Today I like bitless for long distance riding (didn't have them in my youth), because don't have to remove my bitted bridle to make it's easier for my horse to graze when I stop for a grazing/watering break.

From this and the other thread  I get the feelling that you are looking forward to doing some serious long distance riding in the future.

I discovered when I was doing it (a very long time ago) that many things my old timers told me often very true. As close as you feel to your horse now....you could end up feeling even closer after you've started riding and sleeping with your horse for days. Just you and your mount. Could be a variety of reasons for that, like that fact that the horse doesn't go along complaining about anything they are unhappy or annoyed about )

Biggest thing my old timers didn't agree on was shoed vs unshod. I went with the unshod, but it took time to get her feet tough/hard enough. My grandfather (RIP) was a great help (and influence) with that and my horses never saw a shoe. Up to 40 miles a day over whatever terrain we encountered and never a hoof problem or sore feet. But I digress )

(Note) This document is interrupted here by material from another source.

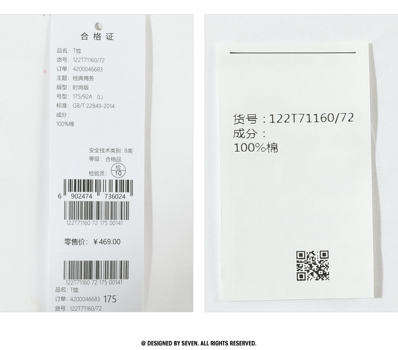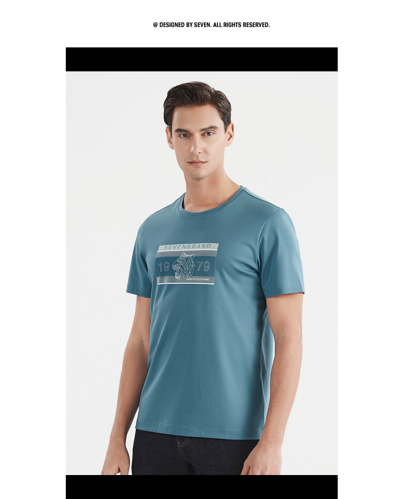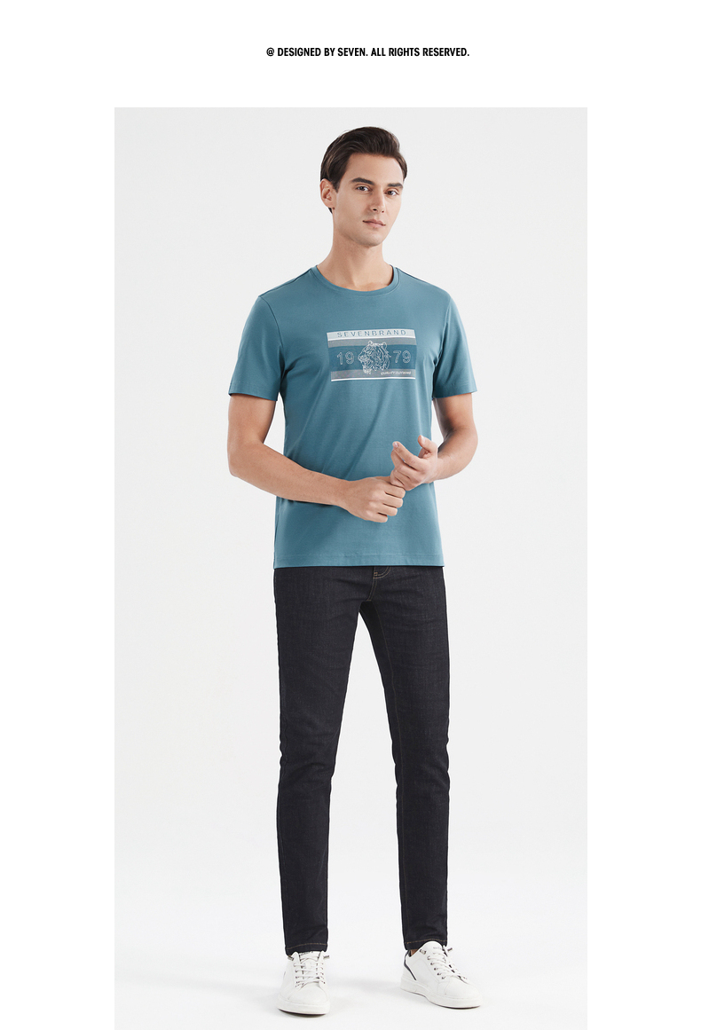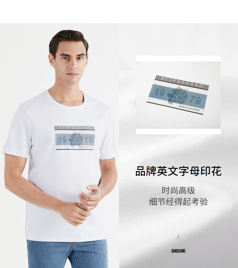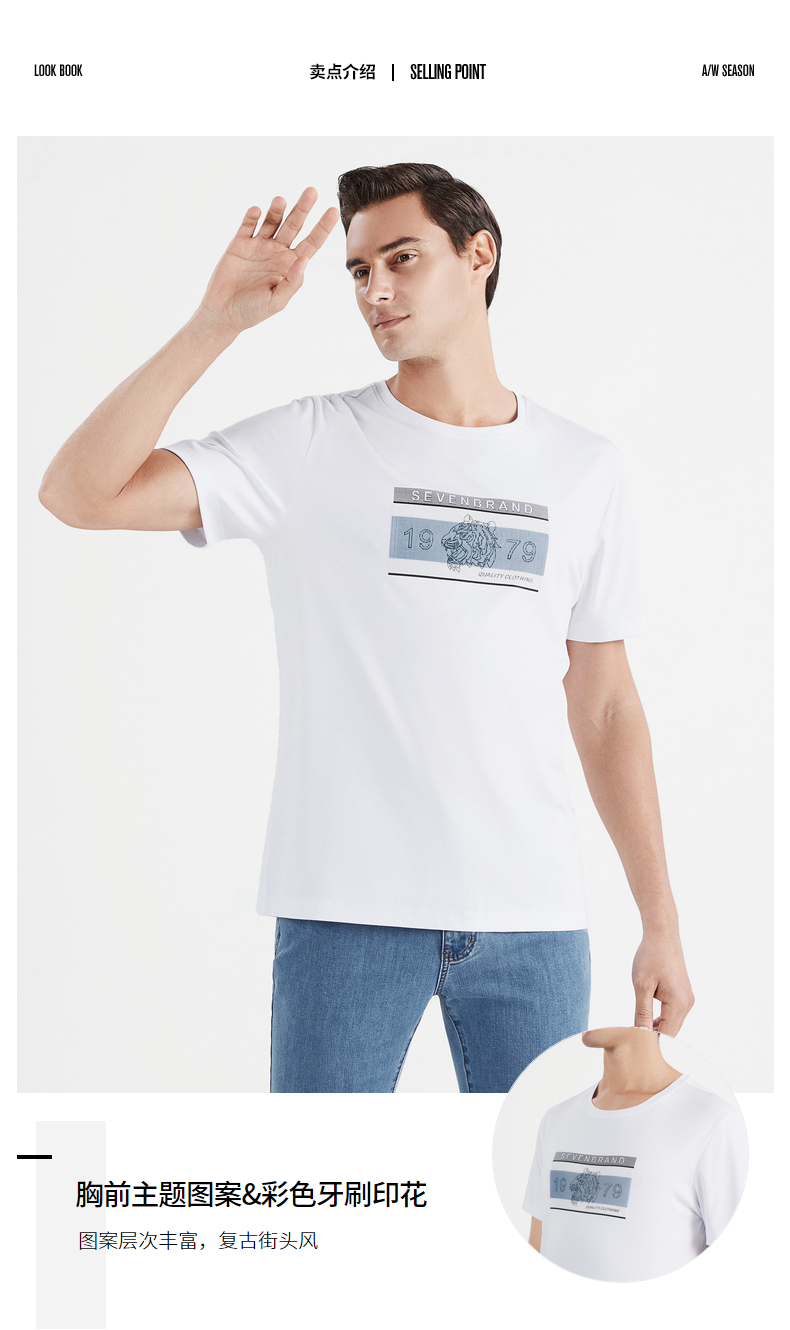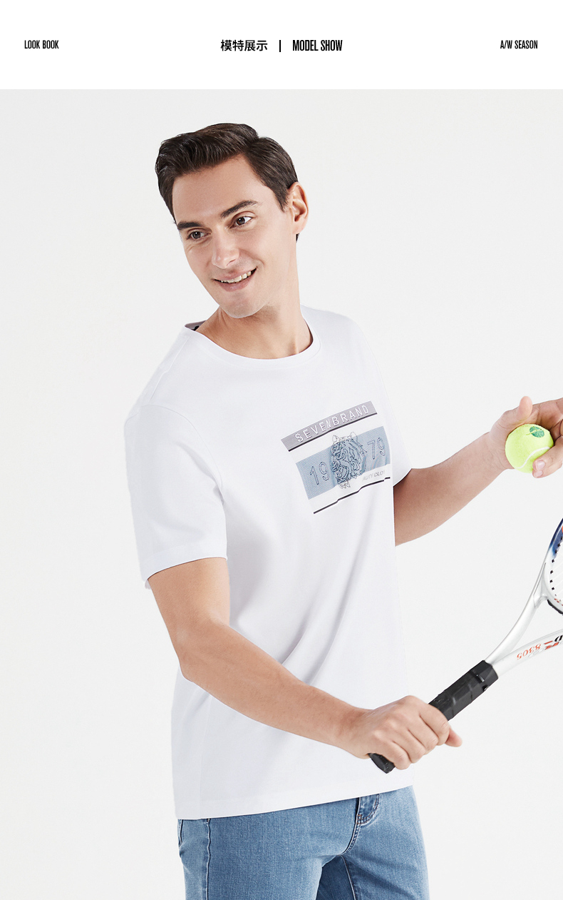 柒牌短袖t恤男夏季新款时尚休闲纯棉老虎字母印花圆领上衣薄 122T71160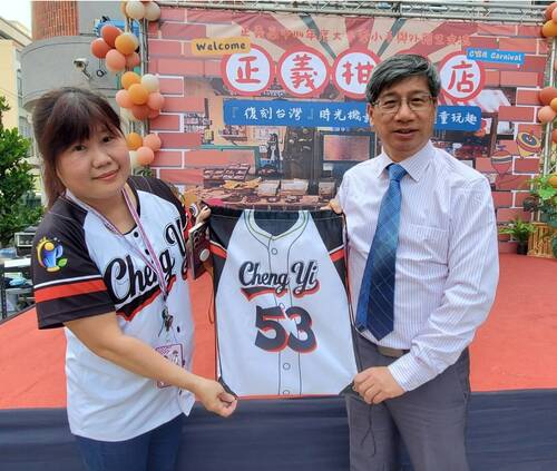 ▲校長俞德淦(右)與訓育組長(黃淑絹)展示送給外籍生每人一個用去年校慶運動服製作的背袋,極具紀念價值。(記者陳雯萍攝)

Best of luck in getting things ready and then doing the long distance riding. Usually not much middle ground. Those who try it either love it or don't. Your first time out for an overnight or two will let you know. You're off to a good start by looking at what tack to use. I'll just pass on the old timers view....horse first, and then from my experience....you a very close second 
It's important for your horse to feel good, but you need to feel good to so you can take care of your horse.
Free piece of advice. DON'T go with the historical McClellan saddle ) If you ride far enough your body probably will not appreciate it )


----------



## its lbs not miles (Sep 1, 2011)

Oh, and on saddles. Most endurance seats (like a Western style) are more comfortabe for extremely long distance riding (easier on your body). The larger trees (again many endurance and Western style) are easier on the horse over very long distances (distributes your weight over a larger area).

Not sure how far you're looking to ride for how many days. So not sure how much the difference some things will matter.


----------



## Fellpony (Sep 9, 2011)

Joe4d said:


> find a saddle that will fit you and fit your horse, You may go through a couple till you find a match. You might find a stock saddle (Australian) is to your liking. Just make sure you use some wither tracings and get one that fits and not just a generic, "medium" Endurance saddles may be to your likeing also. As far as the bitless bridle? Leave them at home, they are for riding around in familiar territory at best.
> I know people put them on, ride around the house an few times, and the horse acts perfectly,,, and they do work under ideal conditions, the problem comes when it isnt ideal, You just dont have the WHOA in them like you do a bit. There is nothing a bitless bridle can do that a bit cant. And a bit can give you the emergency brakes if you need them, lots of wierd things happen on the trails, trees fall, deer jump and run, people on bicycles freak horse out sometimes, women jogging pushing baby carriages can be spooky as well, you'll see just start with your normal tack, all you need extra is a water bottle and a first aid kit.


Thanks for the advice  I feel that if properly trained my pony would be happy in a bitless bridle. As for saddles I have no idea how to fit them and always get a qualified saddle fitter to fit them to my pony. First aid kit great. my panniers have 2 water bottles. If my mare doesn't go well in the bitless i will be riding her in a bit.


----------



## Trails (Jan 28, 2009)

Welcome to trail riding! I look forward to seeing some great pics of your adventures!

Bits or not is entirely up to you and your horse(pony) I use a bit but many many old timers here in the Pacific Northwest's Cascades mountains go with hackamores or bosals with great success. It's whatever works for you.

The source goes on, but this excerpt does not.